PS: You can drastically reduce the second function, all the flattening and copying is not really necessary. I rewrote it as

def function(t, u, mu):
    A = np.reshape(u[:36],[6,6])
    x = u[36:39]
    v = u[39:]

    GMatrix = function2(x, mu)
    OxO = np.zeros([3, 3])
    Ind = np.identity(3)
    K = np.array([[0, 2, 0], [-2, 0, 0], [0, 0, 0]])
 
    Df = np.block([[OxO, Ind],
                   [GMatrix, K]])
    DfA = np.matmul(Df, A)

    x,y,z = x
    vx,vy,vz = v
    r1 = np.sqrt((mu+x)**2 + (y**2) + (z**2))
    r2 = np.sqrt((1-mu-x)**2 + (y**2) + (z**2))
    m1 = 1 - mu
    m2 = mu

    a = [x + 2 * vy - m1 * (mu + x) / (r1**3) + m2 * (1-mu-x) / (r2**3),
         y - 2 * vx - m1 * y / (r1**3) - m2 * y / (r2**3),
         -m1 * z / (r1**3) - m2 * z / (r2**3)]

    ydot = np.concatenate([DfA.flatten(), v, a])
    return ydot

In the computation of the Hessean of the potential in function2 there were many small errors in indices and parentheses placement. Re-organized and with more structuring variables the function can look like

def function2(x, mu):
    ce1, ce2 = -mu, 1-mu
    m1, m2   = 1-mu, mu
    r1 = ((x[0]-ce1)**2+x[1]**2+x[2]**2)**0.5
    r2 = ((x[0]-ce2)**2+x[1]**2+x[2]**2)**0.5
 
    u1_x = 1 - m1 * (1 / r1**3 - 3 * (x[0] - ce1)**2 / r1**5) \
             - m2 * (1 / r2**3 - 3 * (x[0] - ce2)**2 / r2**5)

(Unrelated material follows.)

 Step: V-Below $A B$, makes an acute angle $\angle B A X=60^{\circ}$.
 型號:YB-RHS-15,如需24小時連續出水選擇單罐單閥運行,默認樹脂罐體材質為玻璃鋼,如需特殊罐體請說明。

    u1_y = 3 * m1 * x[1] * (x[0] - ce1) / r1**5 \
         + 3 * m2 * x[1] * (x[0] - ce2) / r2**5

    u1_z = 3 * m1 * x[2] * (x[0] - ce1) / r1**5 \
         + 3 * m2 * x[2] * (x[0] - ce2) / r2**5

    u2_x = u1_y
    
    u2_y = 1 - m1 * (1 / r1**3 - 3 * x[1]**2 / r1**5) \
             - m2 * (1 / r2**3 - 3 * x[1]**2 / r2**5)

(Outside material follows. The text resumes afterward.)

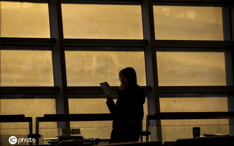 2022年12月6日,江蘇淮安,准備參加考研的學生在淮陰師范學院自習室復習。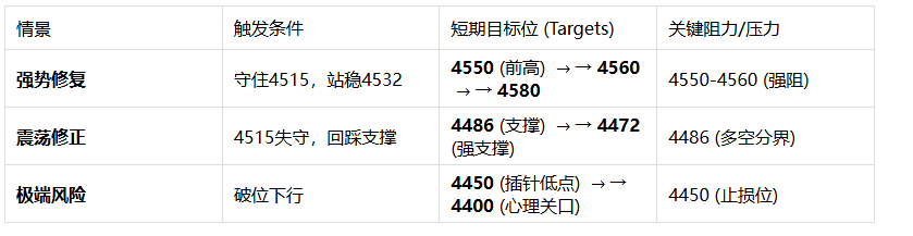 如果周一开盘多头资金回流,且价格站稳4515美元上方,上方有三个清晰的阻力台阶:

    u2_z = 3 * m1 * x[1] * x[2] / r1**5 + 3 * m2 * x[1] * x[2] / r2**5

    u3_x = u1_z
    u3_y = u2_z

    u3_z = - m1 * (1 / r1**3 - 3 * x[2]**2 / r1**5) \
           - m2 * (1 / r2**3 - 3 * x[2]**2 / r2**5)

    GMatrix = np.array([[u1_x, u1_y, u1_z],
                        [u2_x, u2_y, u2_z],
                        [u3_x, u3_y, u3_z]])

    return GMatrix

This gives the results

[ 23.55077315 -0.39182483  3.67078856  4.77188265  4.55322364  0.54862501]
[ -8.519012   -0.71609406 -1.5344374  -2.12546806 -1.4395364  -0.23934585]
[ -0.37941138  0.11874396 -1.39417439 -0.10224713 -0.13959515  0.19607223]
[ 43.56974185 -1.72339855  6.85563491  8.62759039  8.39374083  0.9221739 ]
[-28.39640391 -0.10433561 -4.47605353 -5.56490582 -6.06643015 -0.69034888]

which as far as I can see coincide with the Matlab results.